**Input data:**

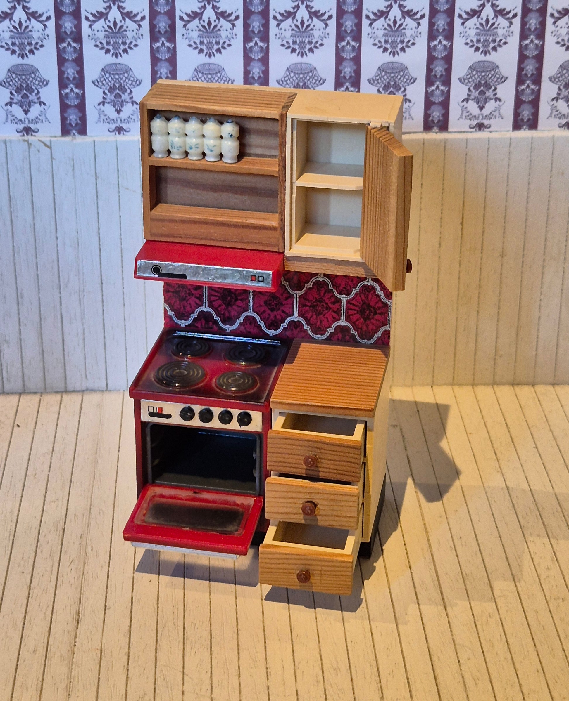Nice dollhouse stove for Lundby kitchen. Original kitchen element.
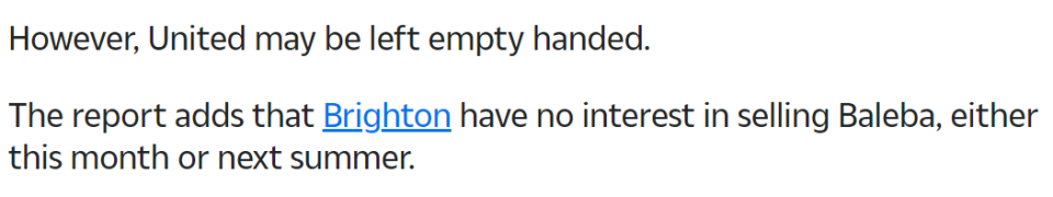 布莱顿认为,曼联之所以接二连三地探寻巴莱巴的转会,属于居心叵测,想要因此动摇球员的专注度,影响他的发挥,从而起到压低价格的效果。红魔希望以低于8000万英镑的价格,从「海鸥军团」得到巴莱巴。
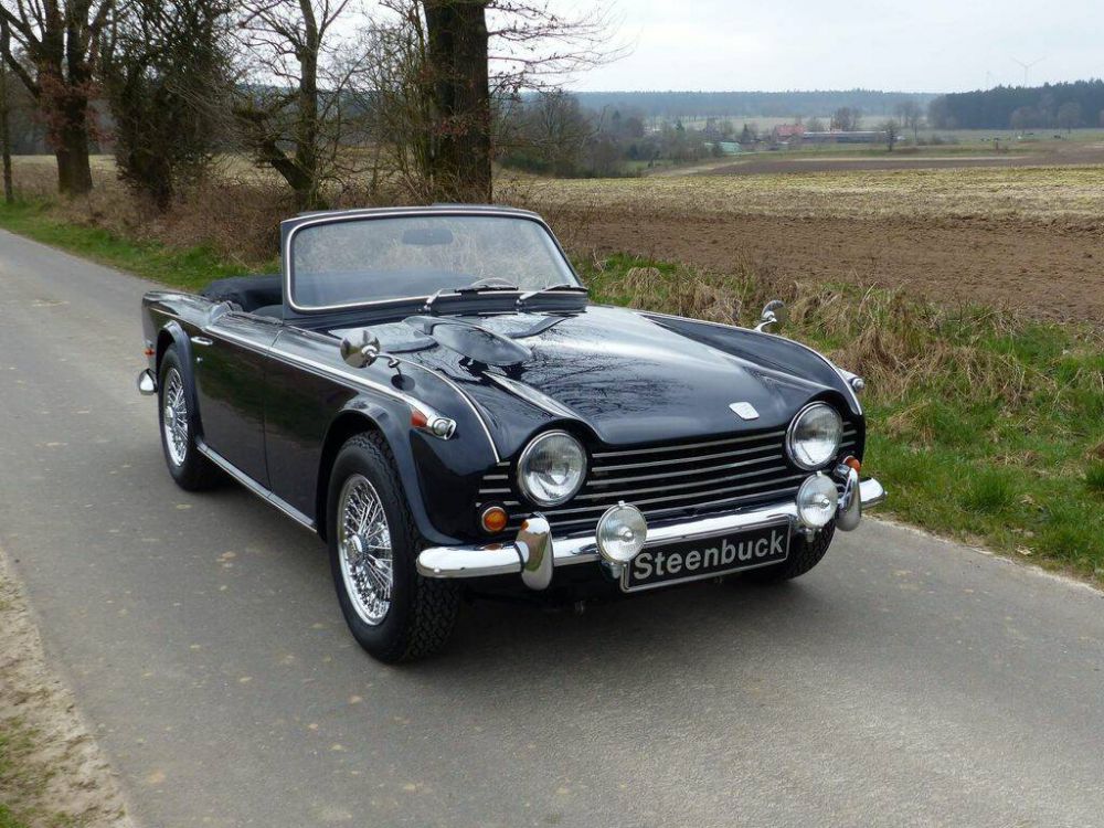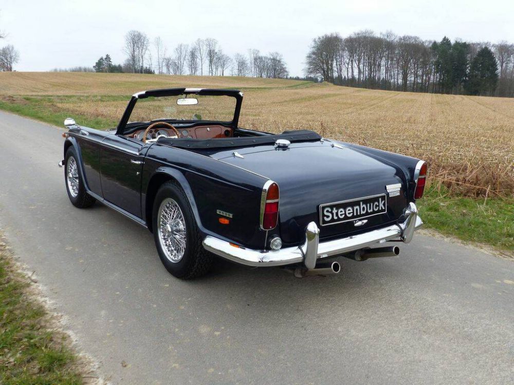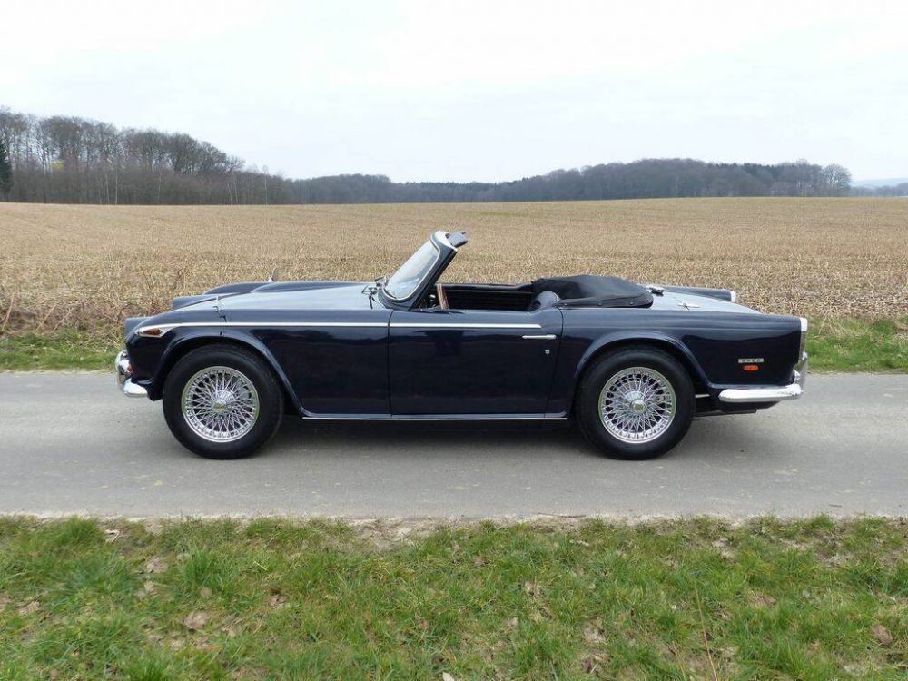 The Triumph Motor Company went bankrupt in 1939. In 1944, the Standard Motor Company took over the rights to the name and, from 1953, built on the sporting successes of the pre-war period with the TR model series. It began with the TR 2 and the TR 3 and TR 4 models led to the TR 5 with the six-cylinder engine. The TR 5 Pi was the first British production car to be supplied with a Lucas fuel injection system. For export to the USA, there was the TR 250 with the significantly weaker carburettor engine. This makes the TR 5 Pi the sought-after variant, of which only 2,947 were built. Our Triumph TR 5 Pi Roadster is a left-hand drive model. The dark blue colour scheme suits it beautifully. The classic car was completely restored by a well-known Hamburg-based specialist company. It has been registered in Germany again since 2018. The agile roadster wants to be driven. Treat yourself to this driving pleasure! EXTRAS: car radio, exterior mirror right, overdrive, chromed spoke wheels, stainless exhaust system, wooden steering wheel, hood made by Sonnenland

**Directions:** Word for word, return the listing above; the pictures do not belong in the copy.

**Task solution:**
Nice dollhouse stove for Lundby kitchen. Original kitchen element.
 布莱顿认为,曼联之所以接二连三地探寻巴莱巴的转会,属于居心叵测,想要因此动摇球员的专注度,影响他的发挥,从而起到压低价格的效果。红魔希望以低于8000万英镑的价格,从「海鸥军团」得到巴莱巴。
 The Triumph Motor Company went bankrupt in 1939. In 1944, the Standard Motor Company took over the rights to the name and, from 1953, built on the sporting successes of the pre-war period with the TR model series. It began with the TR 2 and the TR 3 and TR 4 models led to the TR 5 with the six-cylinder engine. The TR 5 Pi was the first British production car to be supplied with a Lucas fuel injection system. For export to the USA, there was the TR 250 with the significantly weaker carburettor engine. This makes the TR 5 Pi the sought-after variant, of which only 2,947 were built. Our Triumph TR 5 Pi Roadster is a left-hand drive model. The dark blue colour scheme suits it beautifully. The classic car was completely restored by a well-known Hamburg-based specialist company. It has been registered in Germany again since 2018. The agile roadster wants to be driven. Treat yourself to this driving pleasure! EXTRAS: car radio, exterior mirror right, overdrive, chromed spoke wheels, stainless exhaust system, wooden steering wheel, hood made by Sonnenland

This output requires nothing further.